PROBLEM REQUIREMENTS:
Would you please repeat, word for word, only the lines from the one holding "L’iniziativa, dal titolo" through the one holding "Terminal HT3.96, 4Pin, khoảng" in the material below, without the pictures?

GIVEN RECORDS:
——
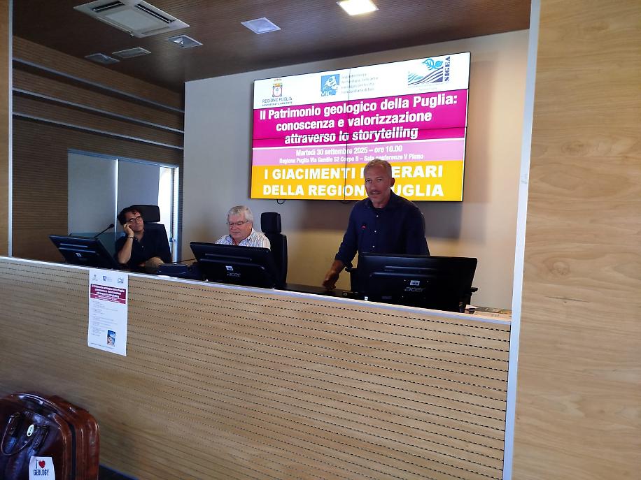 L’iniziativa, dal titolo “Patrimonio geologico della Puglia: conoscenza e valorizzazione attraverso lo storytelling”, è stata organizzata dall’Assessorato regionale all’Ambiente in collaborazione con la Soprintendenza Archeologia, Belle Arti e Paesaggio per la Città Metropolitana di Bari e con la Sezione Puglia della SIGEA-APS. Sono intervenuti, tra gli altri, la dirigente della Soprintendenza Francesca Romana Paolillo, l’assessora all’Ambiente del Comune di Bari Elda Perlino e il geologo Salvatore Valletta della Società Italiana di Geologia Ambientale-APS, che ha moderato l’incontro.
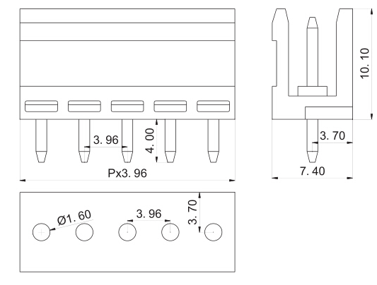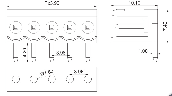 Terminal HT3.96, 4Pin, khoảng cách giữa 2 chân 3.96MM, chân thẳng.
——
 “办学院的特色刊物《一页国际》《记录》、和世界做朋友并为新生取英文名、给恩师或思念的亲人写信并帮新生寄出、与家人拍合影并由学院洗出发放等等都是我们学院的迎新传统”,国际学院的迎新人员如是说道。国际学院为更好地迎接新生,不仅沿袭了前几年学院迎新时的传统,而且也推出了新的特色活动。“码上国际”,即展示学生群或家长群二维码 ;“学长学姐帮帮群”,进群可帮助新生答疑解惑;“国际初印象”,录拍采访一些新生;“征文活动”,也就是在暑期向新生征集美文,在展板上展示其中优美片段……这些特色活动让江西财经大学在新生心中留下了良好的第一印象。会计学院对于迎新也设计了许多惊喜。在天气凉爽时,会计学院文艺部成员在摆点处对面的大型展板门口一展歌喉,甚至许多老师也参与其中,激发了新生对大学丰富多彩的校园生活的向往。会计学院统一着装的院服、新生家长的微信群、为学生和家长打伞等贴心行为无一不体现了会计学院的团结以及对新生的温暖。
——
OUTPUT:
 L’iniziativa, dal titolo “Patrimonio geologico della Puglia: conoscenza e valorizzazione attraverso lo storytelling”, è stata organizzata dall’Assessorato regionale all’Ambiente in collaborazione con la Soprintendenza Archeologia, Belle Arti e Paesaggio per la Città Metropolitana di Bari e con la Sezione Puglia della SIGEA-APS. Sono intervenuti, tra gli altri, la dirigente della Soprintendenza Francesca Romana Paolillo, l’assessora all’Ambiente del Comune di Bari Elda Perlino e il geologo Salvatore Valletta della Società Italiana di Geologia Ambientale-APS, che ha moderato l’incontro.
 Terminal HT3.96, 4Pin, khoảng cách giữa 2 chân 3.96MM, chân thẳng.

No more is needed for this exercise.